Here's Barnett about halfway through his piece:
Our criminal justice system does not rely solely on the fairness of the police and prosecutors to get things right. In every criminal case, there is a professional whose only obligation is to scrutinize what the police and prosecutor have done. This "professional" is a lawyer. The next time you hear a lawyer joke, maybe you'll think of the lawyers who represented these three boys and it won't seem so funny.Yes, yes, a thousand times yes! Okay, that bit about the lawyer jokes is odd -- I've never met a single lawyer who's actually been offended by any such jokes -- but hey, it's just an aside! It's not the point of the piece ... right?
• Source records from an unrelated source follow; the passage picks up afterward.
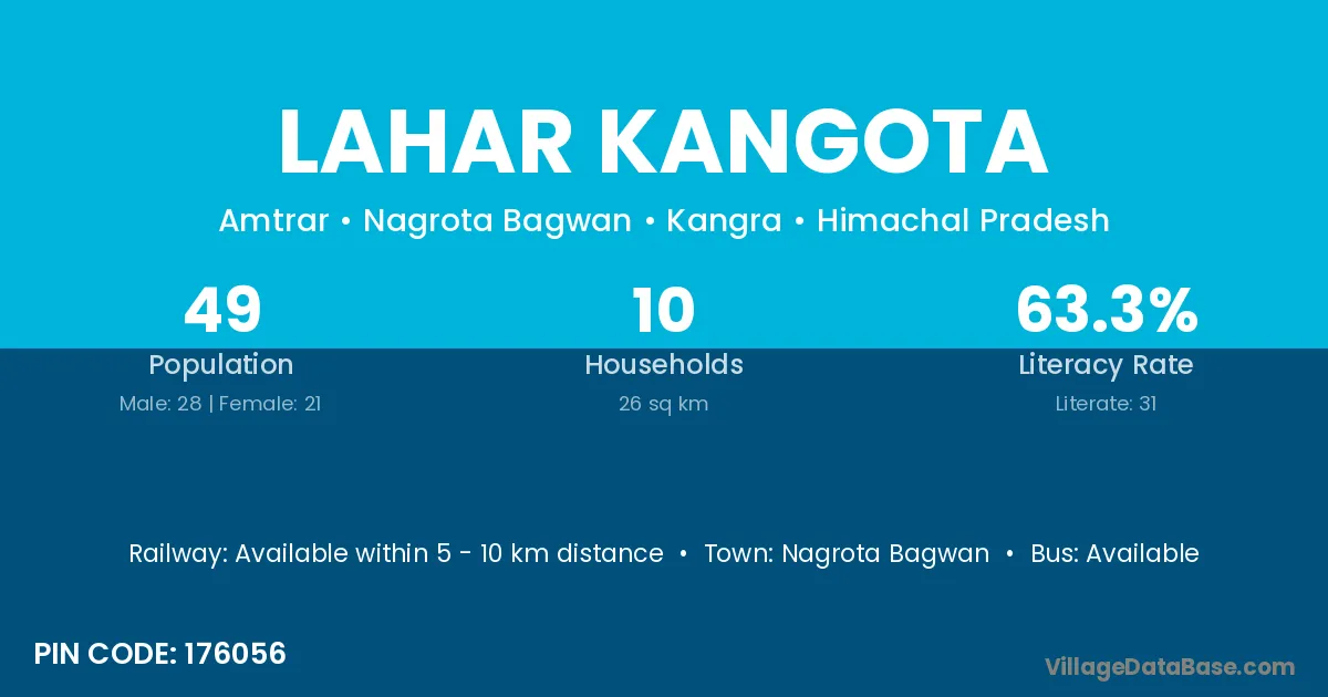 Nagrota Bagwan is the nearest town to Lahar Kangota village for major economic activities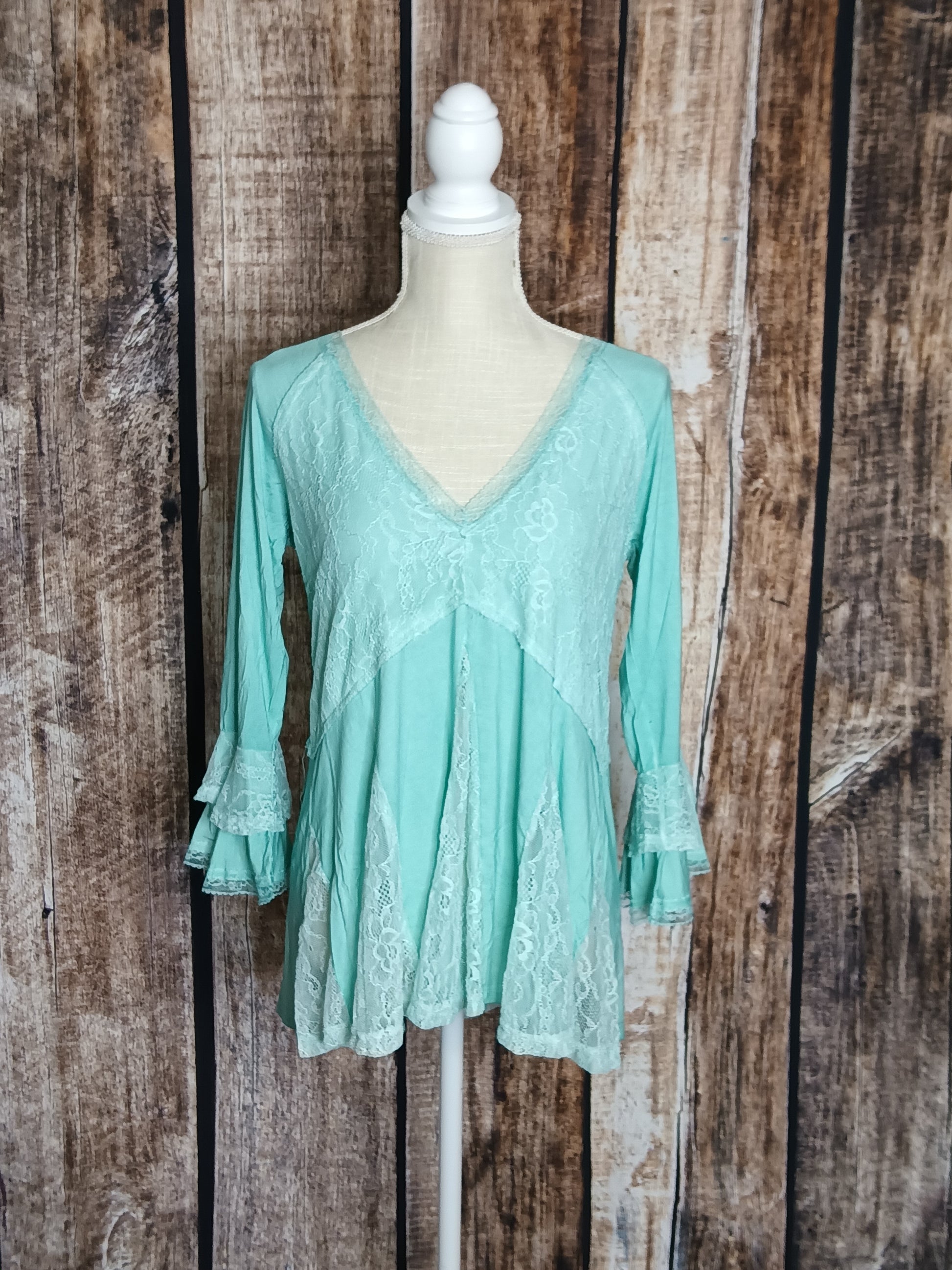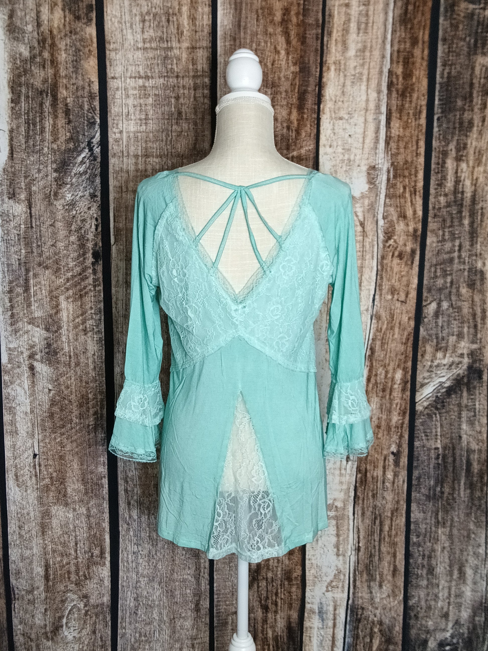 Super girly and dainty top with lots of lace and ruffles. Beautiful paradise green in color. 3/4 sleeve and deep v-neck. Adorable strap detail on back.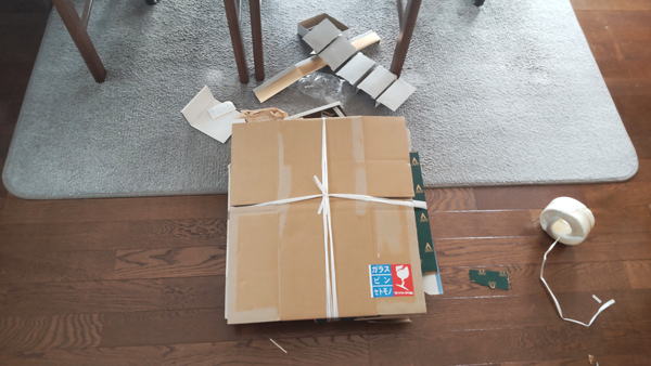 箱をたたんでまとめたら、こんなにコンパクトになりました。しかし、過剰包装ってのはムダだなぁと改めて思いました。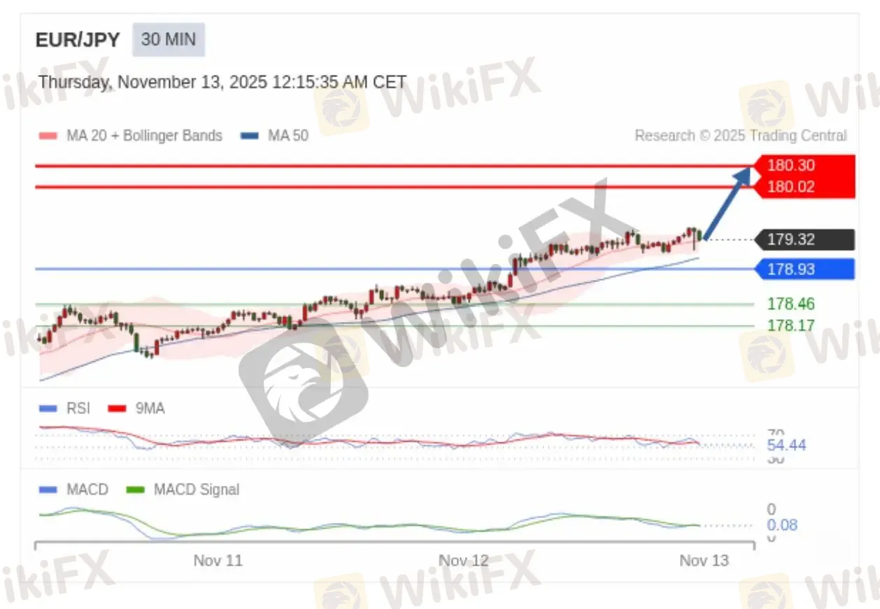 欧元/日元 当日内 : 看涨,当 178.93 为支撑位,目标定在180.30。
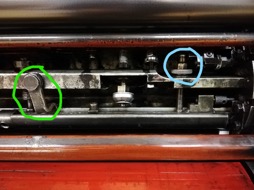 Sitten kun nämä edellä mainitut ovat kunnossa, tarkistetaan painokoneen takaosa eli säädetään takapuolella olevat sivuttaiset arkinvastimet ja takavastimet niin, että arkki mahtuu putoamaan hissille. Hissi säädetään sopivalle korkeudelle riippuen painomäärästä. Jos painaa vähän hissin voi lukita ylimmälle tasolle, mutta paljon painettaessa hissin voi antaa vapaasti liikkua alas päin sitä mukaa kuin kone päättää sille olevan tarvetta. Takana oleva luukku tulee laittaa kiinni ennen kuin laittaa paperin kulkemaan, jotta paperit eivät tule takaosasta ulos.
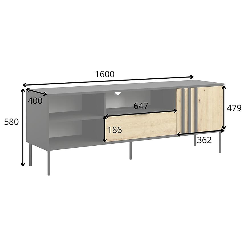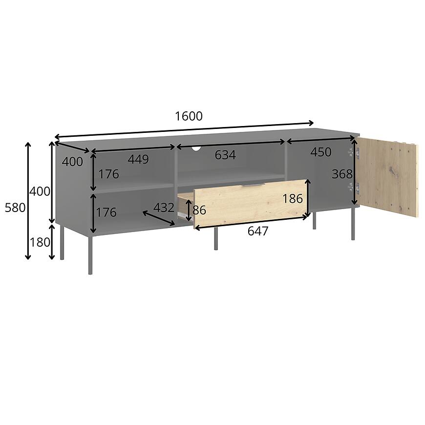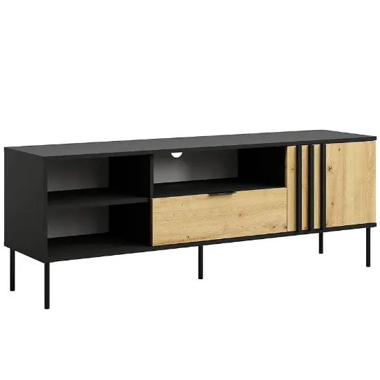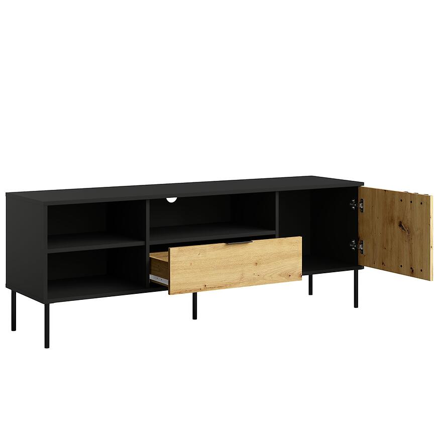 Szafka RTV Rimini 08 czarna / dąb artisan – nowoczesna szafka pod telewizor 160 cm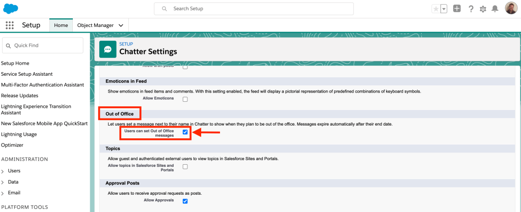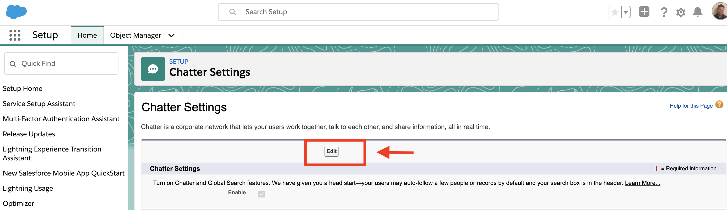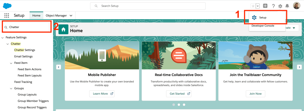 - Once you click on “Setup”, type “Chatter Settings” in the Quick Find Box.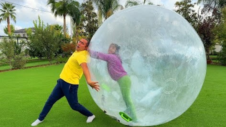 اَسما با توپ غول پیکر بادی سرگرم کننده بازی می کند

Barnett proceeds to go on and on about why defense lawyers are important. He makes what is either a disingenuous or embarrassingly obtuse claim that "some of the same folks who whooped in support of Mr. Nifong's efforts are now bemoaning that it was the supposed wealth of these students' parents that enabled them to mount so effective a defense" -- as if those "same folks" are doing any more than observing the curiously selective outrage on the part of people who, before the Duke case, seemed oddly uninterested in unjust prosecutions or exonerations. And then, in his where-do-we-go-from-here closing paragraph, Barnett winds things down:
Let us not be distracted all over again. The difficult problem of innocent defendants typically arises in run-of-the mill cases where prosecutors acting in good faith have no reason to doubt their guilt. It results in part from the pragmatic presumption of guilt, which leads to inadequate defense lawyering, an indifferent press and an oblivious public. There are no easy solutions to this. But refraining from ridiculing lawyers in general, and criminal defense lawyers in particular, would be a nice start, and one that lies within the power of everyone reading these words.Seriously? You have prime op-ed space in The Wall Street Journal; you're trying to forcefully make a point about how the criminal justice system needs good defense lawyers in order to work properly; you could talk about, say, increasing the number of public defenders and their salaries; and your proposal is ... stop making lawyer jokes?